1536848 - [meta] Require GCC 7

Emilio Cobos Álvarez (:emilio)

Reporter

Description

•

5 years ago

No description provided.

Marco Castelluccio [:marco]

Updated

•

5 years ago

Comment 1

•

5 years ago

First attempt at:

https://treeherder.mozilla.org/#/jobs?repo=try&revision=cfe8a1f3acbf35fd71cfbeb553eb6d4a2b8da411

Sixgill is crashing, and I still hit bug 1467153. There were multiple fishy bits in the build scripts, and I pushed with those and bug 1467153 worked-around in:

https://treeherder.mozilla.org/#/jobs?repo=try&revision=dfce3c566e2075aabb5d0050dc3a8ba0c3289693

Emilio Cobos Álvarez (:emilio)

Reporter

Comment 2

•

5 years ago

Err, that didn't get very far, https://treeherder.mozilla.org/#/jobs?repo=try&revision=0f514e07d1857d0d198c416cda85561aaf0511de should be closer...

BugBot [:suhaib / :marco/ :calixte]

Updated

•

5 years ago

Keywords: meta

Mike Hommey [:glandium]

Comment 3

•

5 years ago

Mmmmm it might be better to not touch toolchains. Especially clang.

Marco Castelluccio [:marco]

Comment 4

•

5 years ago

I think you'll also need some of the options from the patch in bug 1410217.

sjw

Updated

•

5 years ago

Depends on: 1410959

Emilio Cobos Álvarez (:emilio)

Reporter

Comment 5

•

5 years ago

Looks like nathan is self-assigned to a dupe of this, so I'll dupe that one to here since this one has more information.

Assignee: nobody → nfroyd

Depends on: 1560667

Emilio Cobos Álvarez (:emilio)

Reporter

Updated

•

5 years ago

Blocks: cxx17

Nathan Froyd [:froydnj]

Assignee

Comment 7

•

5 years ago

Attached file Bug 1536848 - raise the minimum gcc version to 7; r=#build — Details

We need this for full C++17 support.

Depends on D51450

Marco Castelluccio [:marco]

Comment 8

•

5 years ago

The code coverage build is still using GCC 6, we were planning to switch to Clang but haven't done it yet. If we raise the minimum GCC version to 7, we should switch the ccov build to GCC 7 too.

Nathan Froyd [:froydnj]

Assignee

Updated

•

5 years ago

Depends on: 1593673

Nathan Froyd [:froydnj]

Assignee

Comment 9

•

5 years ago

(In reply to Marco Castelluccio [:marco] from comment #8)

The code coverage build is still using GCC 6, we were planning to switch to Clang but haven't done it yet. If we raise the minimum GCC version to 7, we should switch the ccov build to GCC 7 too.

That's a good point.

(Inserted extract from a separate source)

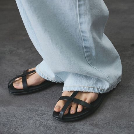 華奢でシンプルなストラップサンダル。足をしっかりとホールドするデザインで安定感があり、足入れもしやすい抜群の履き心地です。

The ccov jobs build just fine with GCC 7, what else do I need to test to make sure the upgrade works?

Flags: needinfo?(mcastelluccio)

Marco Castelluccio [:marco]

Comment 10

•

5 years ago

(In reply to Nathan Froyd [:froydnj] from comment #9)

(In reply to Marco Castelluccio [:marco] from comment #8)

The code coverage build is still using GCC 6, we were planning to switch to Clang but haven't done it yet. If we raise the minimum GCC version to 7, we should switch the ccov build to GCC 7 too.

That's a good point. The ccov jobs build just fine with GCC 7, what else do I need to test to make sure the upgrade works?

When I tested GCC 7 at the time, there were a lot of oranges in tests (I think they were mostly timeouts). Did you run tests too? Are they looking more or less as good as on mozilla-central?

Once you have a try build with all tests (well, the same tests as we run on mozilla-central: https://treeherder.mozilla.org/#/jobs?repo=mozilla-central&filter-searchStr=ccov), we can see if the overall coverage percentage is more or less the same as a basic sanity check (you can use the script mentioned in the "Generate report locally" paragraph at https://developer.mozilla.org/en-US/docs/Mozilla/Testing/Measuring_Code_Coverage_on_Firefox, or just ping me and I'll do it).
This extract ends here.